I need help setting up this problem.
While standing on the roof of a building, a child tosses a tennis ball with an initial speed of 15 m/s at an angle of 20° below the horizontal. The ball lands on the ground 2.8 s later. How tall is the building?
Thank you.
To solve this problem, you can use the equations of motion for projectile motion.
Step 1: Analyze the given information
- Initial speed of the ball (vi): 15 m/s
- Launch angle (θ): 20° below the horizontal
- Time of flight (t): 2.8 s
Step 2: Break down the initial velocity into horizontal and vertical components
The initial velocity of the ball (vi) can be broken down into its horizontal and vertical components.
- Horizontal component (vi_x): vi * cos(θ)
- Vertical component (vi_y): vi * sin(θ)
Step 3: Solve for the time of flight (t)
The time of flight (t) is the total time the ball is in the air. In this case, it is given as 2.8 seconds.
Step 4: Solve for the vertical displacement (Δy)
The vertical displacement is the height from the starting point to the landing point of the ball.

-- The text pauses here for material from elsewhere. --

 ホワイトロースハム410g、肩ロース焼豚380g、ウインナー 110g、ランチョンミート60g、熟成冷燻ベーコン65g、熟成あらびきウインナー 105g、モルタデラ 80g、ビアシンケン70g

We can use the equation:
Δy = vi_y * t + 0.5 * g * t^2
where g is the acceleration due to gravity (9.8 m/s^2).
Step 5: Calculate the height of the building
The height of the building is equal to the vertical displacement (Δy).
Now, let's calculate the height of the building.

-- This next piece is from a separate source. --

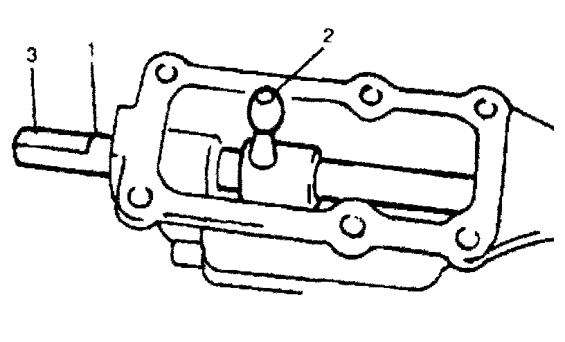 ^ Cut off portion (3) in shift shaft (1) should face downward when shift shaft (1) is installed.

1. Calculate the horizontal component (vi_x): vi * cos(θ)
vi_x = 15 * cos(20°)
2. Calculate the vertical component (vi_y): vi * sin(θ)
vi_y = 15 * sin(20°)
3. Calculate the vertical displacement (Δy): vi_y * t + 0.5 * g * t^2
Δy = (vi_y * t) + (0.5 * g * t^2)
4. Substitute the given values and calculate Δy.
5. The height of the building is equal to Δy.
By following these steps and using the given information, you can find the height of the building.